1 Introduction

Dijkstra algorithm is widely used in a lot of common network routing protocols, like OSPF and IS-IS. The main idea of Dijkstra algorithm is how to find a shortest path from a source node to a destination node in a network. So each network link has a cost value to present its status, and this cost is used to calculate the shortest path. In the practice, the link cost is defined as a static cost value in OSPF protocol, as the reference bandwidth divided by interface bandwidth or simply as 1 to reduce the shortest path weight to a hop count. The reason is that it’s a very easy way in practice. But as the value of the link cost, it could not cover the feathers and status of the link.

In this work we present a practical way to calculate a more reasonable link cost in Dijkstra algorithm and consider the problem of QoS and the security features of the network routing procedure using SDN technology [1,2,3]. The SDN framework provides an approach to calculate the shortest path between source and destination based on dynamic link statuses through SDN’s high network monitoring capability. A lot of useful link information, like link type, link ownership, interface bandwidth, transition delay and historical record, can be collected and computed by the SDN controller to enable more safe, reliable and efficient paths. In this way, we can consider the varying delay status of the communication network along with other network security parameters and get a presence of a passive/active adversary in the network routing area.

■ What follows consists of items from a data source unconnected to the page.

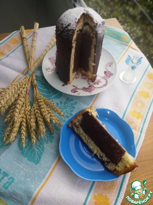 Посыпаем сверху сахарной пудрой и наслаждаемся. Получается мега шоколадно и сладко, поэтому вкуснее всего с несладким кофе или чаем. Кстати таким же образом можно облагораживать куличи, если их есть в натуральном виде уже никто не хочет :)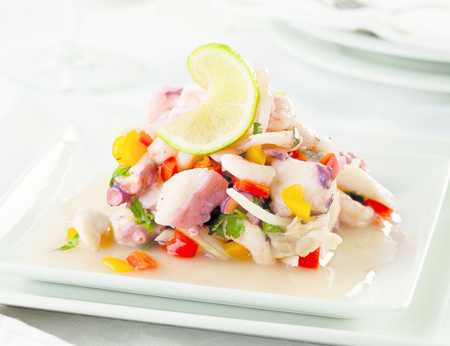 Ecuador ist ein vergleichsweise kleines Land in Südamerika. Es liegt im Nordwesten zwischen Kolumbien und Peru. Die Exportschlager, außer Schnittrosen, sind Bananen, Kaffee, Kakao und Shrimps. Um gleich mal an der Küste zu bleiben, Ceviche, das ist dort Nationalgericht und Heilmittel zugleich. Egal ob als Katermittel oder für die gute Laune, dieses Gericht schmeckt und heilt. Auch wenn es in Ecuador bestimmt immer ein wenig besser schmecken wird, versuchen Sie es ruhig selbst einmal. Die Zubereitung ist denkbar einfach. Für Ceviche werden rohe Fischstücke (und Meeresfrüchte) in Zitronensaft mariniert. Dann kommen rote Zwiebeln und Rocoto (paprikaähnliche Chili Sorte) hinein. Dazu gibt es gegrillte Maiskolben, gesalzenes Popcorn und Kochbananenchips. Hört sich vielleicht seltsam an, schmeckt aber überraschend gut.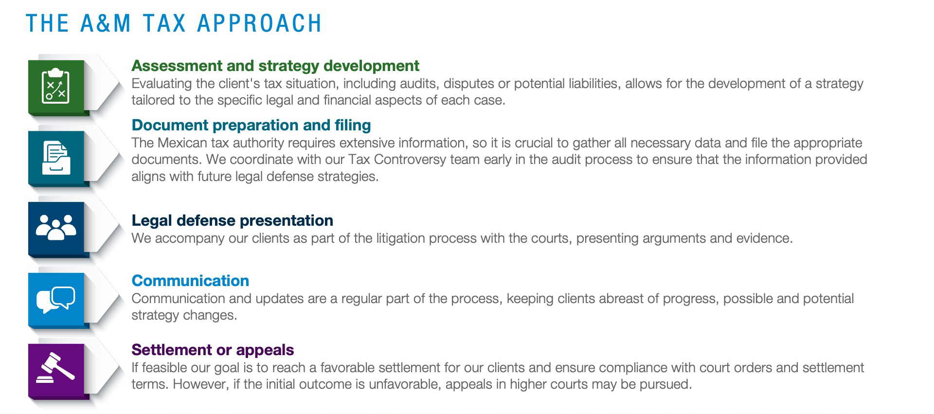 Navigating the dispute resolution mechanisms provided by Mexican law requires deep knowledge and experience in collaborative mediation to find solutions. A&M’s Tax Litigation Services team provides administrative tax litigation support to help clients with every step of the litigation process.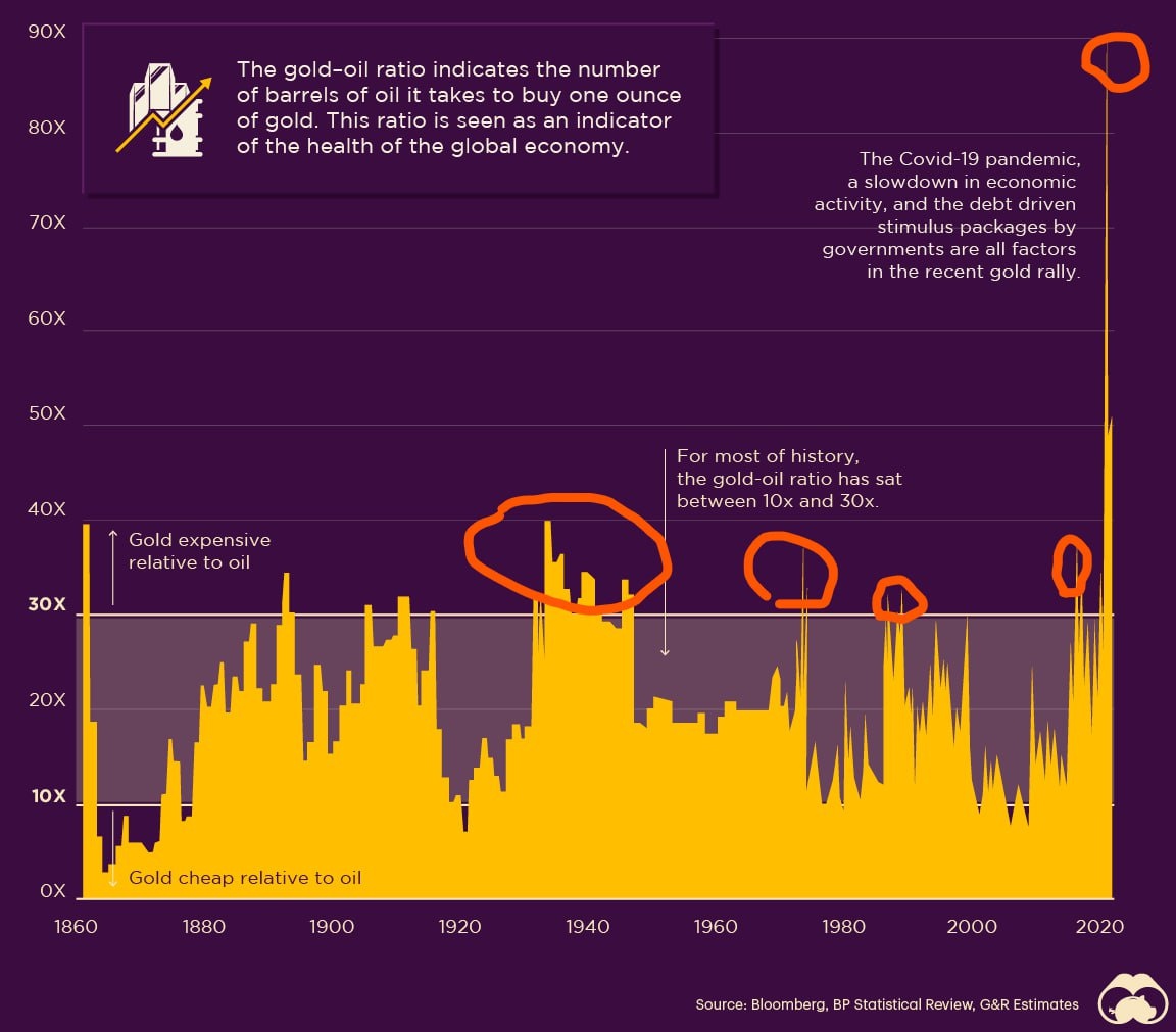 Цены на золото вновь достигли рекордных высот, а соотношение стоимости золота и нефти составило 1 к 30, что указывает на официальное начало глобального кризиса. Сейчас за одну тройскую унцию золота можно приобрести свыше 30 баррелей нефти. Это событие является важным индикатором экономической нестабильности. Графики показывают, что уровень выше 1/30 наблюдался во времена Второй мировой войны, во время нефтяных кризисов 70-х и 80-х годов, в период конфликта в Крыму, а также во время пандемии Covid-19. Ситуация не улучшится в ближайшее время — банки по всему миру продолжают активно накапливать золото, поскольку в условиях обесценивания доллара, вызванного американскими санкциями, это драгоценное металл становится надежным активом для инвестиций.

The remainder of this paper is organized as follows: double constrained shortest path problem is discussed and the derivation of QoS constraints and related cost metrics are presented in Sect. 2, the implementation details are provided in Sect. 3, Sect. 4 investigates the performance of the proposed framework. Conclusions and final remarks are discussed in Sect. 5.

2 System Model

Consider a graph representation of the communication network. G(V, E, ω) is a weighted undirected graph model and describes an N nodes and E links network. The node set is \( V = \left\{ {v_{1} , \ldots ,v_{N} } \right\} \), and the edge set is \( E = \left\{ {e_{ij} \left| {i,j = 1,2, \ldots ,N} \right.} \right\} \). The weight \( \omega_{ij} \) on the edge \( e_{ij} \) is defined as the cost of the link. In this article, the interplaying between QOS and security features is concerned in the network routing process. The security metrics of the link between nodes i and j could include these features as:

  1. (1)

    History \( L_{ij} H \): a link that was previously targeted by an attacker in a particular time could be more likely to be attacked again.

  2. (2)

    Security installed measures \( L_{ij} S \): a link with high encryption is typically hard to be listened or hijacked. So \( L_{ij} S \) values are dependent on the pre-installed and pre-configured security measures of nodes of the link.

  3. (3)

    Bandwidth \( L_{ij} B \): A link with high bandwidth is more difficult to be congested by data flow.

  4. (4)

    Ownership \( L_{ij} O \): a self-owned or in the same domain channel is more secure than a shared or leased channel by other domains.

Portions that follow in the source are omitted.